Conditional Graph Neural Network for Predicting Soft Tissue Deformation and Forces

TL;DR

This paper introduces a conditional graph neural network that accurately predicts soft tissue deformation and forces in virtual environments, enhancing medical simulation realism and haptic feedback integration.

Contribution

The paper presents a novel data-driven cGNN model trained with transfer learning to improve soft tissue deformation and force prediction accuracy in virtual simulations.

Findings

Deformation prediction error of 0.35 mm

Force prediction error of 0.37 N

Effective transfer learning from simulations to experimental data

Abstract

Soft tissue simulation in virtual environments is becoming increasingly important for medical applications. However, the high deformability of soft tissue poses significant challenges. Existing methods rely on segmentation, meshing and estimation of stiffness properties of tissues. In addition, the integration of haptic feedback requires precise force estimation to enable a more immersive experience.

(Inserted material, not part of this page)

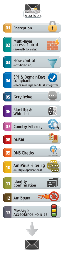 You can configure and implement message acceptance policies and adjust them to best suit your company's security requirements. Incoming connections established via SMTP and the message flow can be easily managed using the established policies.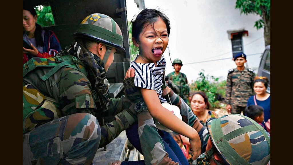 आसाम रायफल्सने सोमवारी चंदेल जिल्ह्यातील भारत-म्यानमार सीमेजवळील फायसेनजांग येथून अडकलेल्या ९६ लोकांना विमानातून बाहेर काढले. 4 मे रोजी चकमकी सुरू झाल्यापासून या सर्वांचे आसाम रायफल्सच्या छावणीत पुनर्वसन करण्यात आले होते, परंतु छावणीच्या दुर्गमतेमुळे आणि त्यांची योग्य काळजी घेण्यासाठी त्यांना भारतीय हवाई दलाच्या एमआय 17 हेलिकॉप्टरचा वापर करून बाहेर काढण्यात आले.

We introduce a novel data-driven model, a conditional graph neural network (cGNN) to tackle this complexity. Our model takes surface points and the location of applied forces, and is specifically designed to predict the deformation of the points and the forces exerted on them. We trained our model on experimentally collected surface tracking data of a soft tissue phantom and used transfer learning to overcome the data scarcity by initially training it with mass-spring simulations and fine-tuning it with the experimental data. This approach improves the generalisation capability of the model and enables accurate predictions of tissue deformations and corresponding interaction forces. The results demonstrate that the model can predict deformations with a distance error of 0.35$\pm$0.03 mm for deformations up to 30 mm and the force with an absolute error of 0.37$\pm$0.05 N for forces up to 7.5 N. Our data-driven approach presents a promising solution to the intricate challenge of simulating soft tissues within virtual environments. Beyond its applicability in medical simulations, this approach holds the potential to benefit various fields where realistic soft tissue simulations are required.